**GIVEN RECORDS**

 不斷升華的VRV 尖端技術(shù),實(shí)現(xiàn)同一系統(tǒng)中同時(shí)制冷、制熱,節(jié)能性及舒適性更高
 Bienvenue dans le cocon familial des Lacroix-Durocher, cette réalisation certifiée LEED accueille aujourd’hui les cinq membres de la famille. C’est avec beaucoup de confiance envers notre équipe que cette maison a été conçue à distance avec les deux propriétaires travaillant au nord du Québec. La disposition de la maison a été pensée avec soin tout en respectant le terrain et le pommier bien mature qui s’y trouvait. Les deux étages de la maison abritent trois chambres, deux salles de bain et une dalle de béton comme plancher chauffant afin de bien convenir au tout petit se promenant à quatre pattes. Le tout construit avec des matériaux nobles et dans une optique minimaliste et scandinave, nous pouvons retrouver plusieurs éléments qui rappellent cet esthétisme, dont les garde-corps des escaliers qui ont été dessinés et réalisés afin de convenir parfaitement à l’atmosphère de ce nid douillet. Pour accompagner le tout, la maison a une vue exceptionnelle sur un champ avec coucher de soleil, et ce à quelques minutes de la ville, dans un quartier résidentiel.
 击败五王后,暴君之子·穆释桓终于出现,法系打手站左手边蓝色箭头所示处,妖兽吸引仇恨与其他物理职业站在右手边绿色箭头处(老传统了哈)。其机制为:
* * *
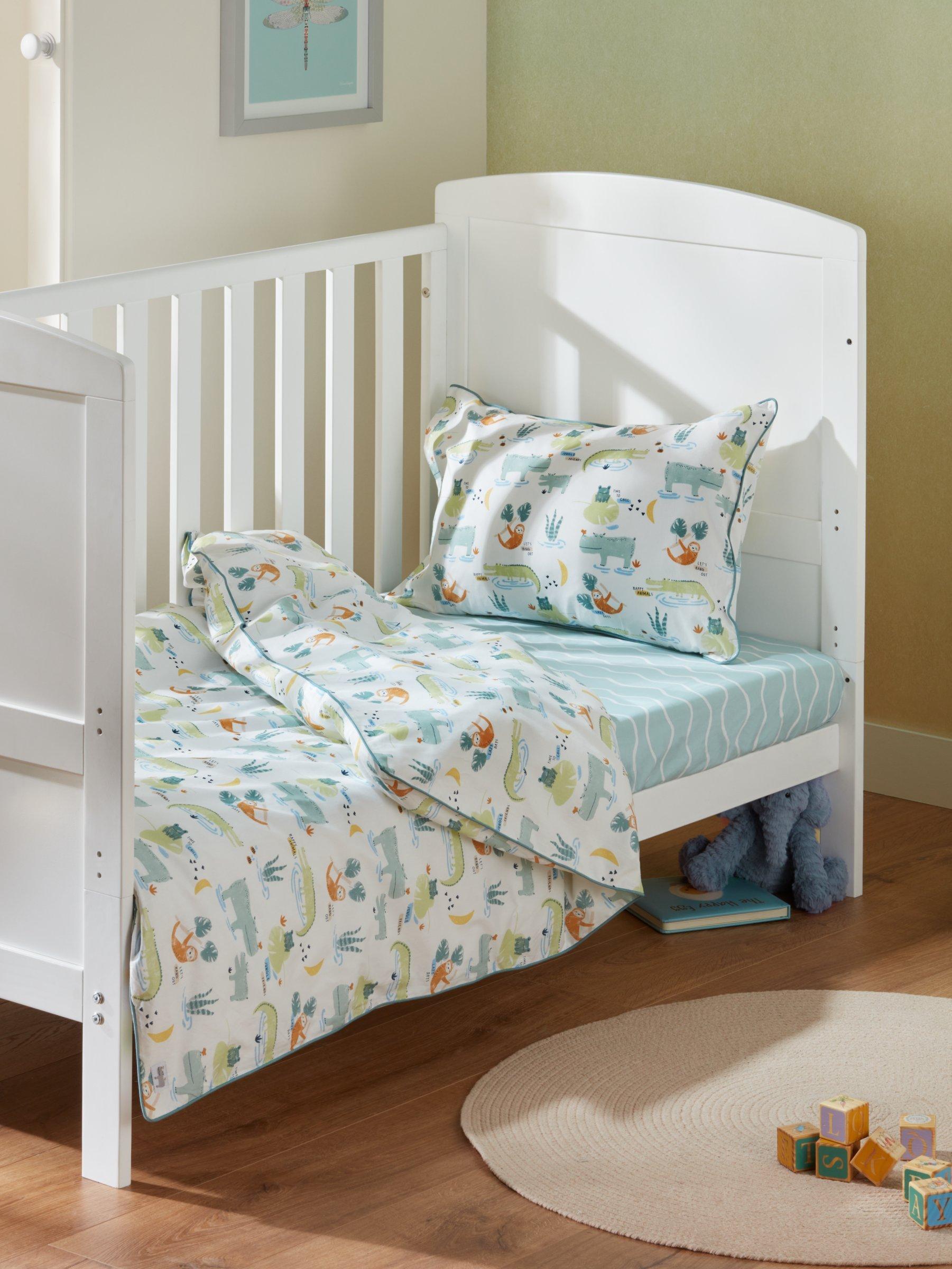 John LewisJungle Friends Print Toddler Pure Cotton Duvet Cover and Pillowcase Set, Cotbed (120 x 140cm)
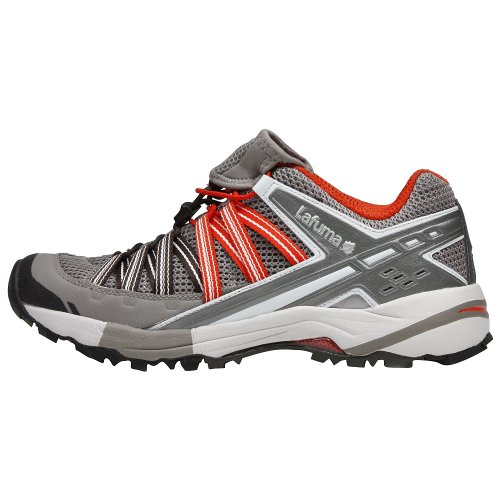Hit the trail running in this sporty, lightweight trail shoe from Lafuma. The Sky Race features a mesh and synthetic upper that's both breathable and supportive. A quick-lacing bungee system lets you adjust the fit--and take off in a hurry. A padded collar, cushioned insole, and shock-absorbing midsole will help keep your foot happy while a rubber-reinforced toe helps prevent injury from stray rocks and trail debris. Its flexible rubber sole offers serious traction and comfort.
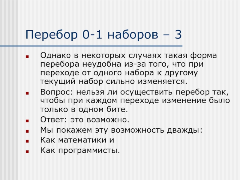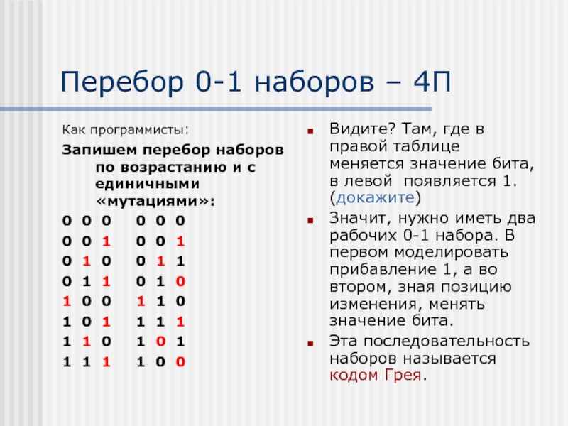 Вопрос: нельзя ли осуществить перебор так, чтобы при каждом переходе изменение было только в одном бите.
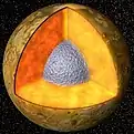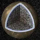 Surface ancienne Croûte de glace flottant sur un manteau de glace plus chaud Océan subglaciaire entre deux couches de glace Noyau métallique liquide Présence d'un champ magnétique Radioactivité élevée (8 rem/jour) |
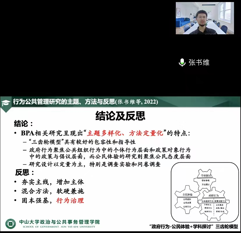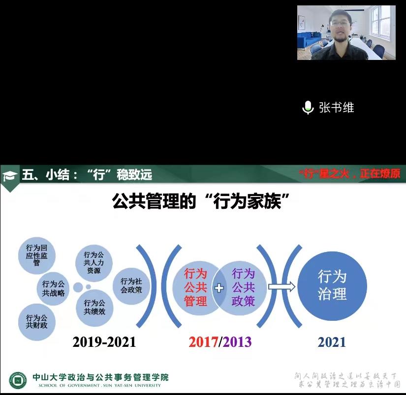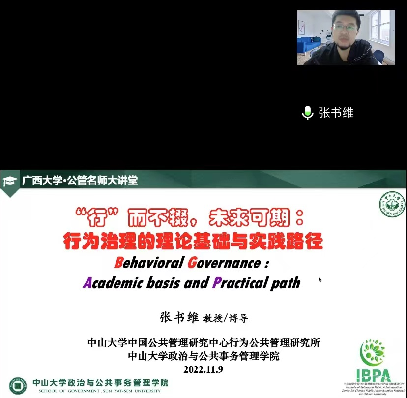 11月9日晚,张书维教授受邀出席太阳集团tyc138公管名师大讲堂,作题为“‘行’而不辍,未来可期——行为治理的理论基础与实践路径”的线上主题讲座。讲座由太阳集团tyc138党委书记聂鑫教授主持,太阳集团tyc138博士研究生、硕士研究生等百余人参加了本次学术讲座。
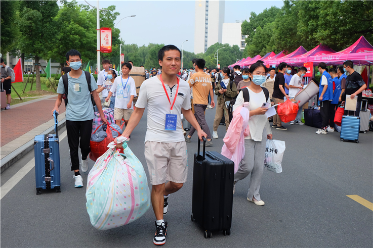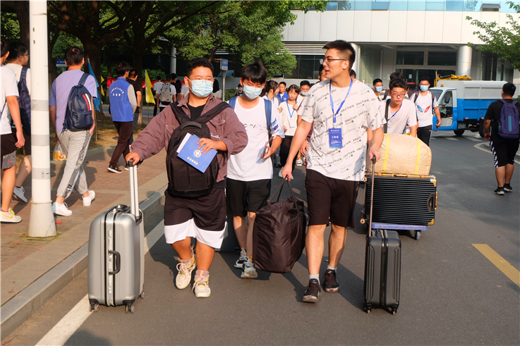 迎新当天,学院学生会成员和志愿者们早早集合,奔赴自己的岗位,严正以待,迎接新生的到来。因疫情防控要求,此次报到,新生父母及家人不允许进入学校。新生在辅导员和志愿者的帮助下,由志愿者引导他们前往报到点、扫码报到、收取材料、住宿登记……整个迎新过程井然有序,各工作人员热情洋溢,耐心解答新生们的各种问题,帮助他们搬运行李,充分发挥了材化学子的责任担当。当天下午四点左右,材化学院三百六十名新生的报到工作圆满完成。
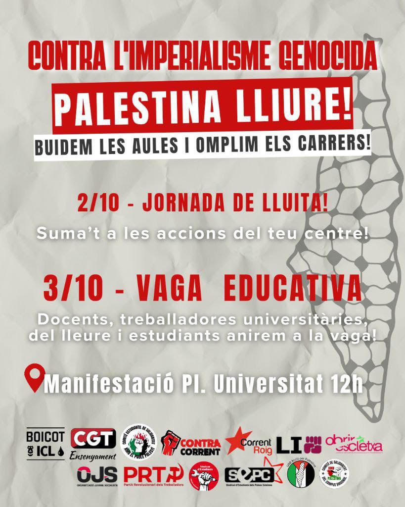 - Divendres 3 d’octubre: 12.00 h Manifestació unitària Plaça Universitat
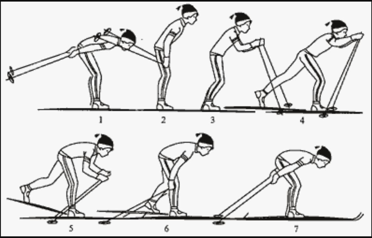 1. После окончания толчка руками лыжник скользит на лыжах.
* * *
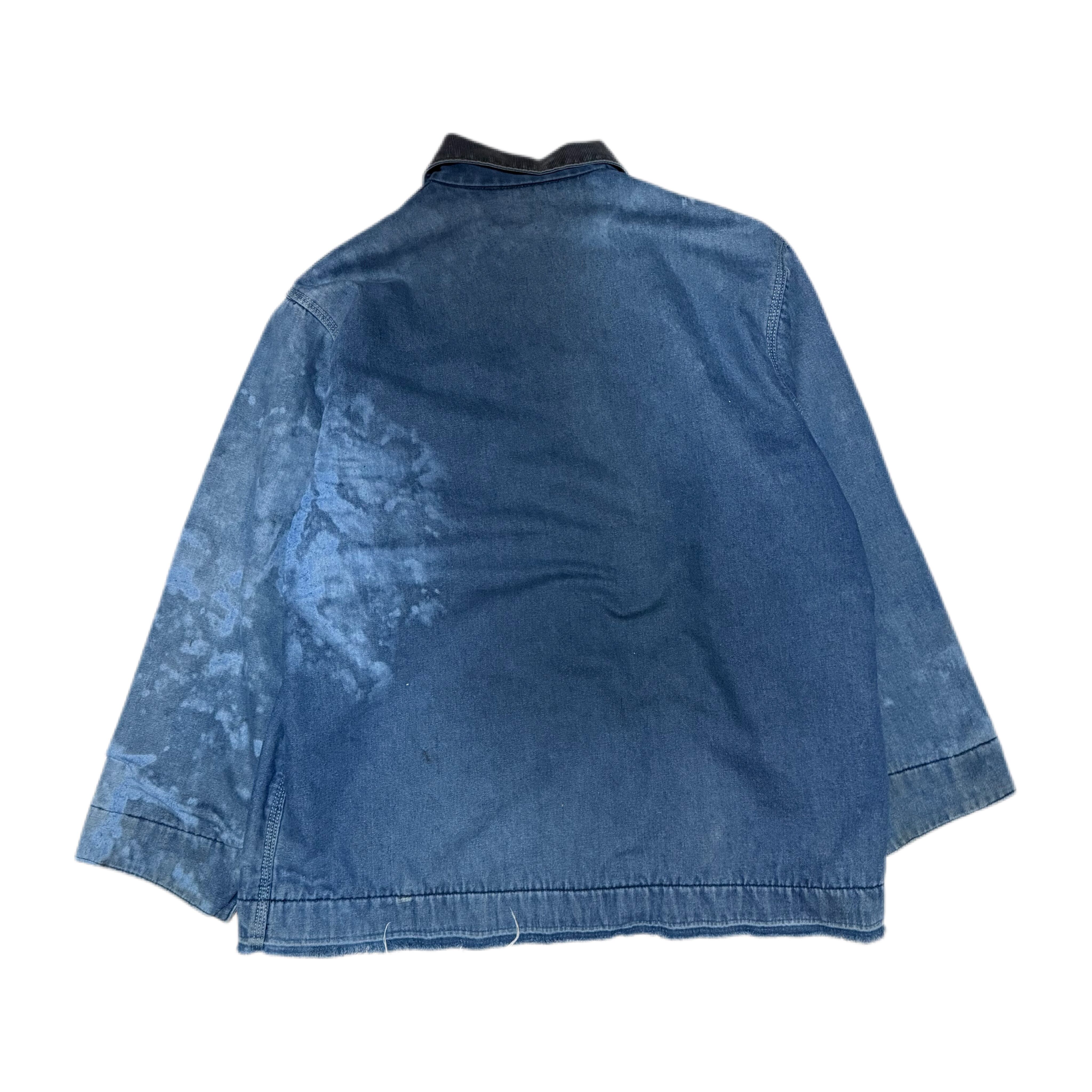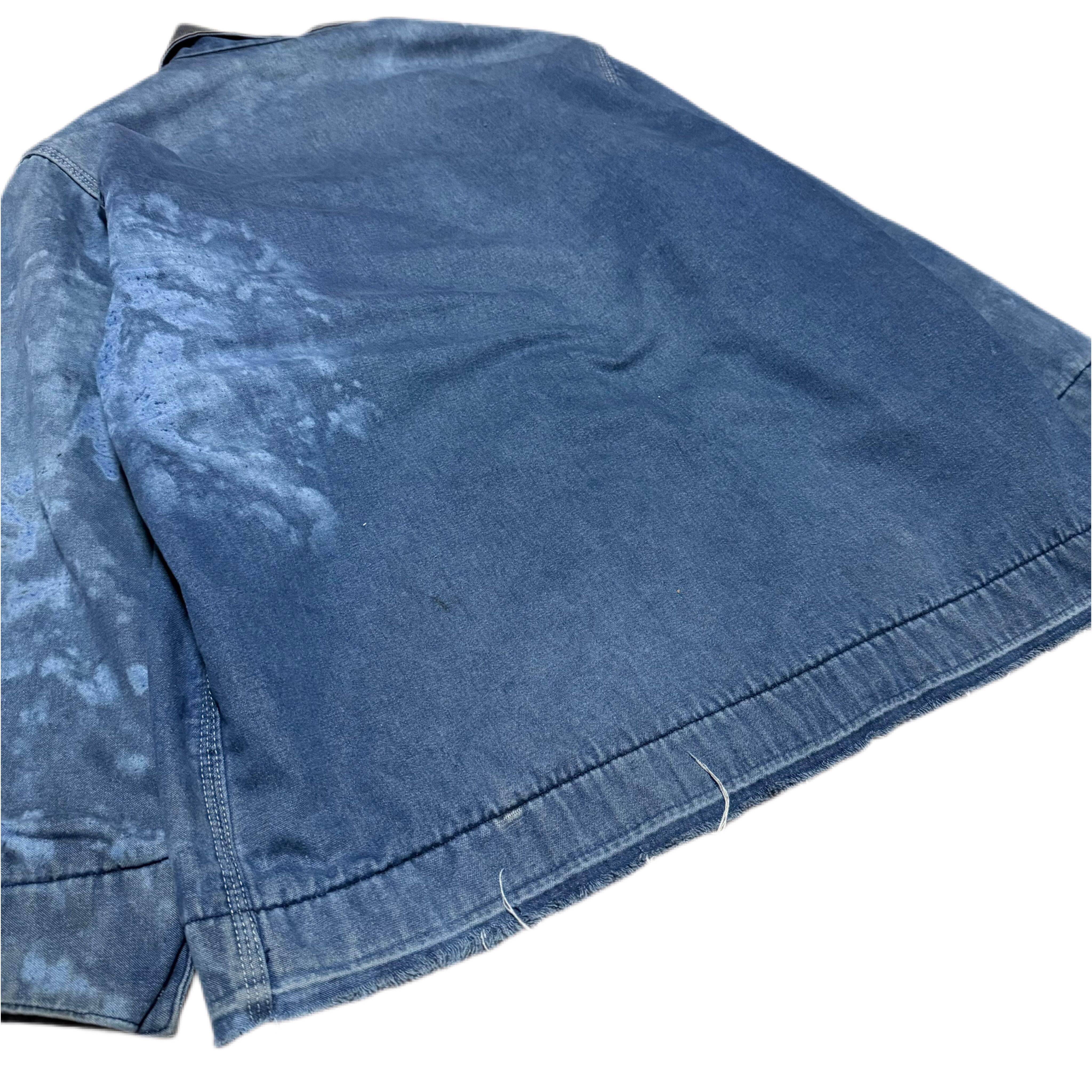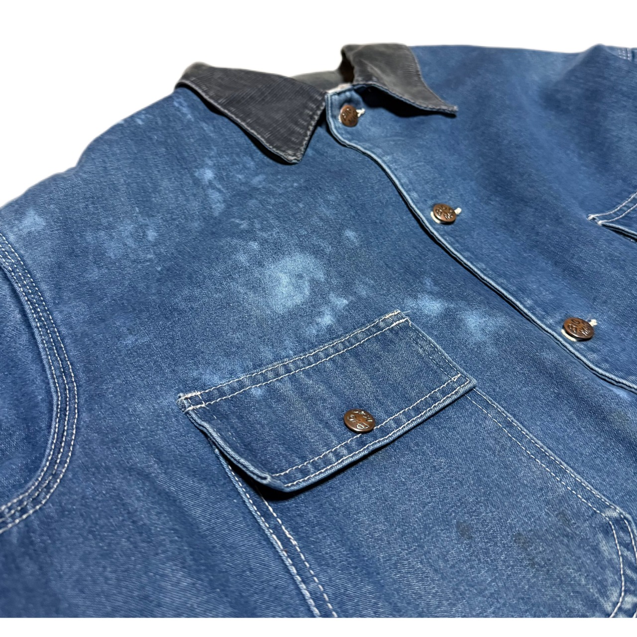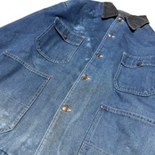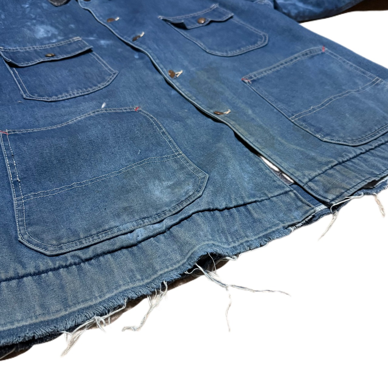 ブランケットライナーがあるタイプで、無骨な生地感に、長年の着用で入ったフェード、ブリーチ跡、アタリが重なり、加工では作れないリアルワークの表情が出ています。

**EXERCISE OBJECTIVE**
In the records above, everything from the line with "11月9日晚,张书维教授受邀" down to the line with "1. После окончания" is to be set down exactly, both ends included, with no pictures and no other lines.

**OUTPUT**
 11月9日晚,张书维教授受邀出席太阳集团tyc138公管名师大讲堂,作题为“‘行’而不辍,未来可期——行为治理的理论基础与实践路径”的线上主题讲座。讲座由太阳集团tyc138党委书记聂鑫教授主持,太阳集团tyc138博士研究生、硕士研究生等百余人参加了本次学术讲座。
 迎新当天,学院学生会成员和志愿者们早早集合,奔赴自己的岗位,严正以待,迎接新生的到来。因疫情防控要求,此次报到,新生父母及家人不允许进入学校。新生在辅导员和志愿者的帮助下,由志愿者引导他们前往报到点、扫码报到、收取材料、住宿登记……整个迎新过程井然有序,各工作人员热情洋溢,耐心解答新生们的各种问题,帮助他们搬运行李,充分发挥了材化学子的责任担当。当天下午四点左右,材化学院三百六十名新生的报到工作圆满完成。
 - Divendres 3 d’octubre: 12.00 h Manifestació unitària Plaça Universitat
 1. После окончания толчка руками лыжник скользит на лыжах.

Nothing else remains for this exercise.